[Problem to work on]:
What's needed is an exact copy of all the data below, without pictures.

[Supplied data]:
· · ·

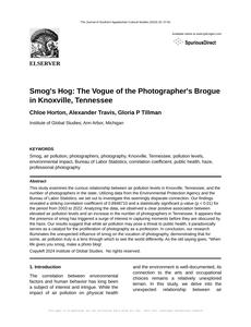 Smog's Hog: The Vogue of the Photographer's Brogue in Knoxville, Tennessee The Journal of Southern Appalachian Cultural Studies Jan 2024 Reminder: This paper is AI-generated. Not real! |
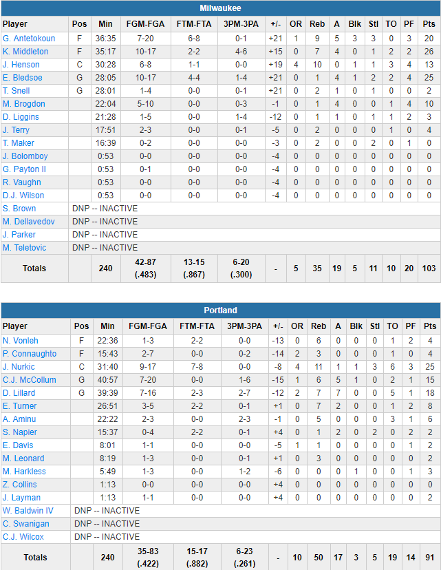 Les Bucks ont été menés par un excellent trio Khris Middleton (26 points à 10/17, 7 rebonds et 4 passes), Eric Bledsoe (25 points à 10/17 et 4 passes) et Giannis Antetokounmpo (20 points à 7/20, 9 rebonds, 5 passes, 3 contres et 3 interceptions). Les Blazers ont connu une soirée difficile avec seulement 42.2% au tir et 19 ballons perdus, à l’image de leur backcourt Damian Lillard (18 points à 7/16, 7 rebonds et 7 passes) – CJ McCollum (15 points à 7/20, 6 rebonds et 5 passes) en-dessous de leurs standards. L’excellent match de Jusuf Nurkic (25 points à 9/17 et 11 rebonds) n’a pas suffi et ils ont compté jusqu’à 24 points de retard.
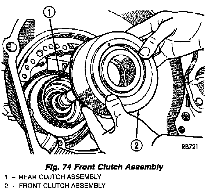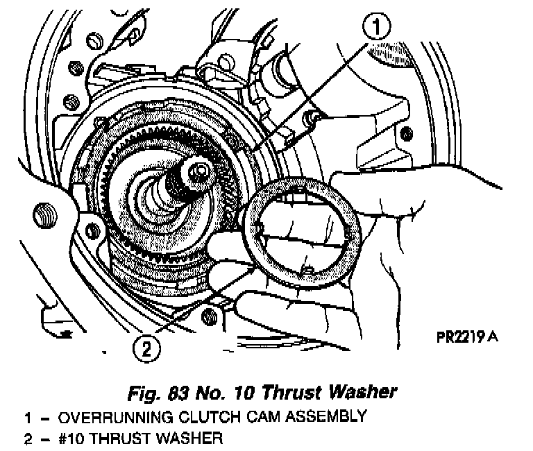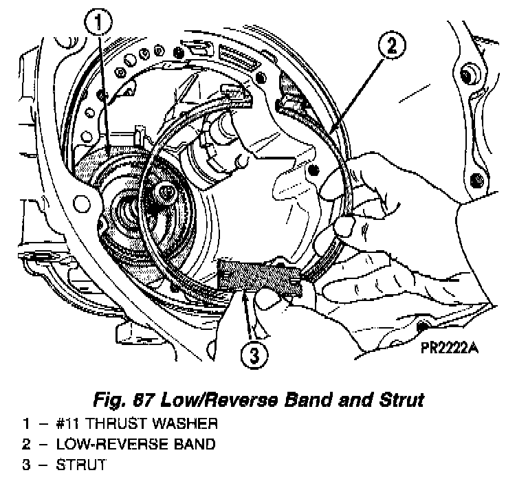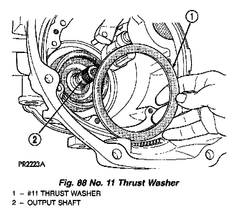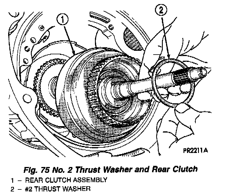 Measuring input shaft end play before disassembly will usually indicate if a thrust washer change is required (Fig. 66). The # 3 thrust washer is located between input and output shafts.

· · ·

[Answer]:
 Smog's Hog: The Vogue of the Photographer's Brogue in Knoxville, Tennessee The Journal of Southern Appalachian Cultural Studies Jan 2024 Reminder: This paper is AI-generated. Not real! |
 Les Bucks ont été menés par un excellent trio Khris Middleton (26 points à 10/17, 7 rebonds et 4 passes), Eric Bledsoe (25 points à 10/17 et 4 passes) et Giannis Antetokounmpo (20 points à 7/20, 9 rebonds, 5 passes, 3 contres et 3 interceptions). Les Blazers ont connu une soirée difficile avec seulement 42.2% au tir et 19 ballons perdus, à l’image de leur backcourt Damian Lillard (18 points à 7/16, 7 rebonds et 7 passes) – CJ McCollum (15 points à 7/20, 6 rebonds et 5 passes) en-dessous de leurs standards. L’excellent match de Jusuf Nurkic (25 points à 9/17 et 11 rebonds) n’a pas suffi et ils ont compté jusqu’à 24 points de retard.
 Measuring input shaft end play before disassembly will usually indicate if a thrust washer change is required (Fig. 66). The # 3 thrust washer is located between input and output shafts.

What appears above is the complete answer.